I reviewed the article entitled " Antioxidant guided fractionation of blackberry polyphenols show synergistic role of catechins and ellagitannins", written by Katerina Tzima, Gontorn Putsakum and Dilip K. Rai.

The purpose of this manuscript is to characterize the most powerful phenolic fractions of blackberry extract using a systematic fractionation approach with flash chromatography. In addition, the authors propose a bioactive purification method that could make them useful in food applications or in the phyto-pharmaceutical industry.

 

The scientific collect is very interesting, and each paragraph is described exhaustively. The results are clear and support the hypothesis of the work. The methods are well described. The conclusions contain the key message of the work.

Author Response

 

Reviewer 4

I reviewed the article entitled " Antioxidant guided fractionation of blackberry polyphenols show synergistic role of catechins and ellagitannins", written by Katerina Tzima, Gontorn Putsakum and Dilip K. Rai.
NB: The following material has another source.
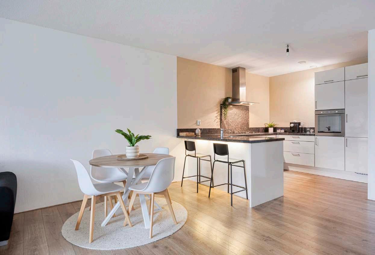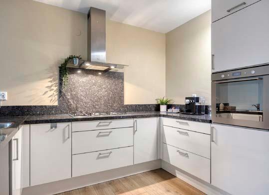 De keuken is ingericht in een U-opstelling en beschikt over een spoeleiland en een natuurstenen werkblad. Hij is volledig uitgerust met moderne apparatuur, waaronder een grote oven, een koelvriescombinatie en een afzuigkap.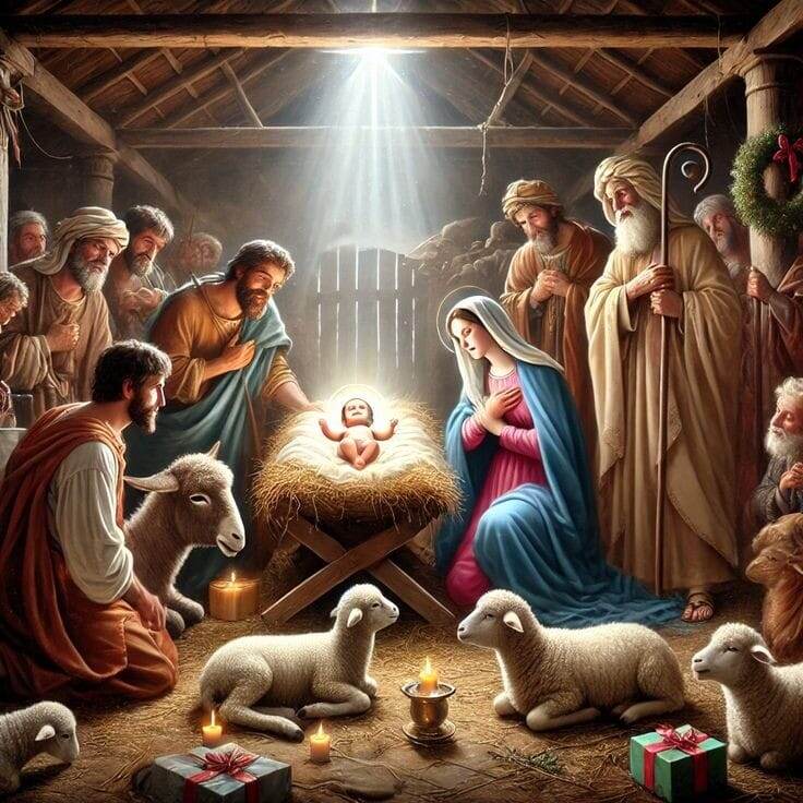 Иисус Христос родился в Вифлееме, в тот год император велел провести перепись новорожденных. Богородица и Иосиф были из рода Царя Давида. В городских гостиницах по дороге в Вифлеем места им не нашлось, поэтому Спаситель Мира появился на свет рядом со стойлом, а Богомладенца положили в кормушку для скота — Его первые ясли. О свершившемся чуде первым узнали пастухи, которые охраняли неподалеку свои стада, как гласит Евангелие от Луки. Звездной ночью к ним явился Ангел Господень, чтобы возвестить Великую Радость «ибо ныне родился вам в городе Давидовом Спаситель». Вместе с Ангелом явилось и многочисленное воинство небесное, взывающее «Слава в вышних Богу!». Первыми, кто поклонился Господу, были простые люди, и простые люди стали первыми проповедниками Христа. Ангел сказал им: «Не бойтеся: се бо благовествую вам радость велию, яже будет всем людем, яко родися вам днесь Спаситель, Иже есть Христос Господь, во граде Давидове», и смиренные пастыри первые удостоились поклониться ради спасения людей Снисшедшему до «рабия зрака». Что же означали эти слова? До Рождения Христа Бог еще никогда прежде не воплощался. Взяв на себя грехи мира, Иисус подарил людям надежду на Спасение, заповедовав своим ученикам прежде всего — любовь. Апостол Павел говорил, что смерть для него стала бы приобретением, потому что в теле он был отлучен от истинного источника жизни — Христа.

The purpose of this manuscript is to characterize the most powerful phenolic fractions of blackberry extract using a systematic fractionation approach with flash chromatography. In addition, the authors propose a bioactive purification method that could make them useful in food applications or in the phyto-pharmaceutical industry.

 The scientific collect is very interesting, and each paragraph is described exhaustively. The results are clear and support the hypothesis of the work. The methods are well described. The conclusions contain the key message of the work.

Response: We are grateful to the reviewer for the positive kind words, which shall encourage our research team to bring more exciting research findings.